October 04, 1990|By Michael Hill

PBS' "Race to Save the Planet" is something of an anthropological primer for post-modern America. The first of its 10 hours gives a basic lesson on the development of mankind, trying to make you understand that we did not always have the same relationship with the environment that we now have.

"The Environmental Revolution" begins by following a tribe in Botswana still living as the earliest humans did, as hunter-gatherers. It then shows how man left his nomadic ways, established permanent residences and thus took up agriculture and herding.

That stability led to increases in population and certain environmental problems as various areas were over-exploited for popular resources, be it wood for fuel or limestone for plaster.

But the damage was slight compared to the next revolution, the industrial one, bringing people together into huge communities around factories, belching chemicals from smokestacks, beginning to fill the waters with sewage and waste, the air with pollutants.

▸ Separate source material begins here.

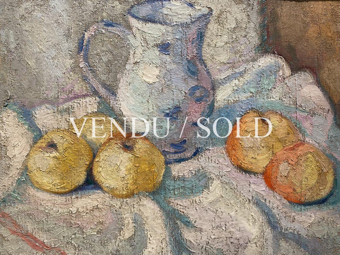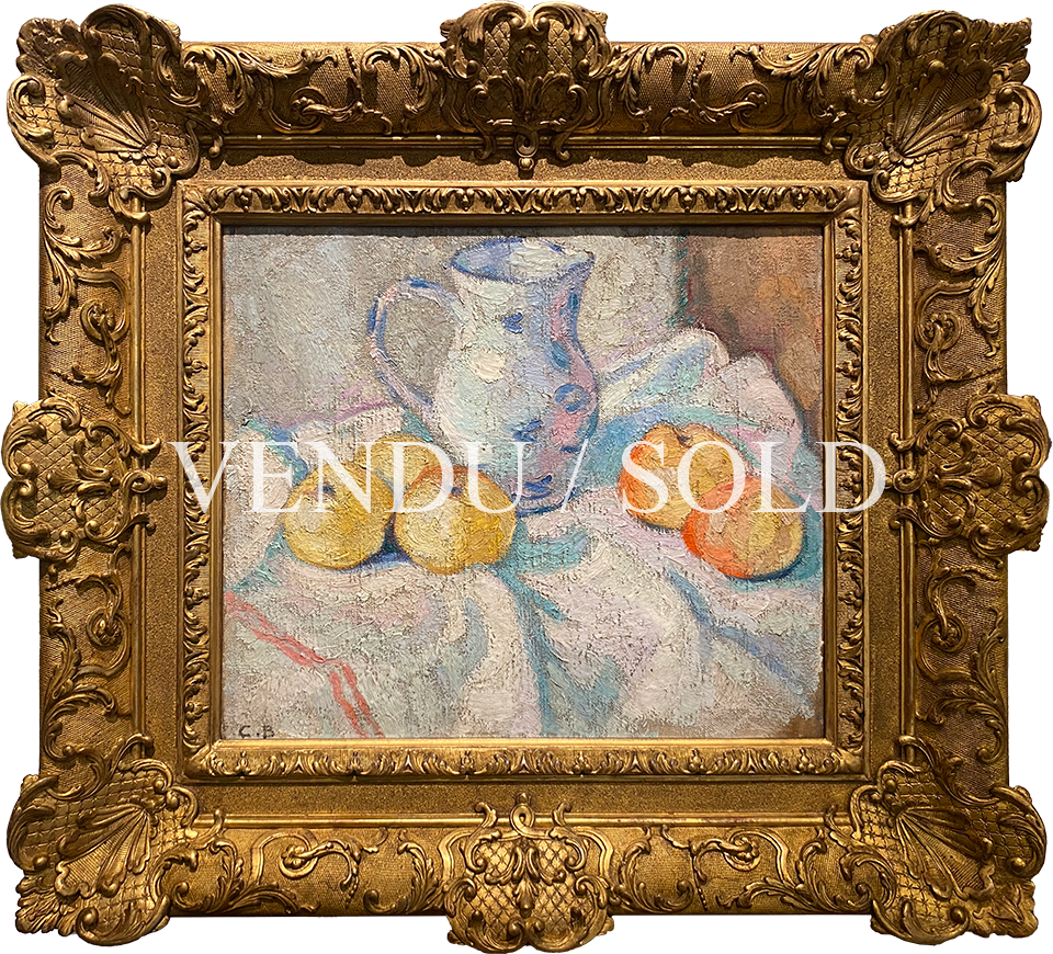 Undoubtedly, our painting reunites all this. A palette of vivid colors, all the way to some pink strokes on the surface of the pitcher, witness the vitality and curiosity of the artist. « Volume, light and colors » was his motto and his way to explore his artistic fields through Cézanne, the fauvisme and cubism as well.

The hour ends with a hopeful note, claiming that about 20 years ago another revolution took place, that of the title, the environmental one. In that revolution, mankind first became aware of the damage his practices were doing to the world and the possibility that its ecosystem could be broken beyond repair and began to figure out how to have a healthier relationship with the environment.

"Race to Save the Planet" is part of PBS' Showcase Week, this week's premiere week. It debuts tonight at 8 o'clock on Maryland Public Television, channels 22 and 67. It is also the major stunt of next week, PBS' third week of its new season, following "The Civil War" and Showcase Week.

The series will run in weekly one-hour installments in this Thursday time slot, but it will also be broadcast in its entirety over five nights next week, in two-hour chunks beginning Sunday night at 9 o'clock.

Sunday's second hour, "Do We Really Want to Live This Way?," looks at the environmental consequences of the modern consumer society on two specific parts of the ecosystem -- the air of Los Angeles and the water of the Rhine river.

"Race to Save the Planet" -- which brought out the stars with Meryl Streep as host and Roy Scheider as narrator -- avoids the alarmist, doomsday tone that often accompanies such documentaries, instead presenting its case in a straightforward, slightly scholarly manner that assumes once you know all these facts, you will do the sensible thing and modify your lifestyle.

That might be a dubious assumption, but it seems aimed at young people who are more malleable than those of us who helped get the globe into this mess. As one of the scientists studying the hunter-gatherers notes, the tribes' well-being totally depends on an understanding of its environment.

Which could be said of the rest of us, too, it's just that too few of us understand that. "Race to Save the Planet" is trying to do something about that.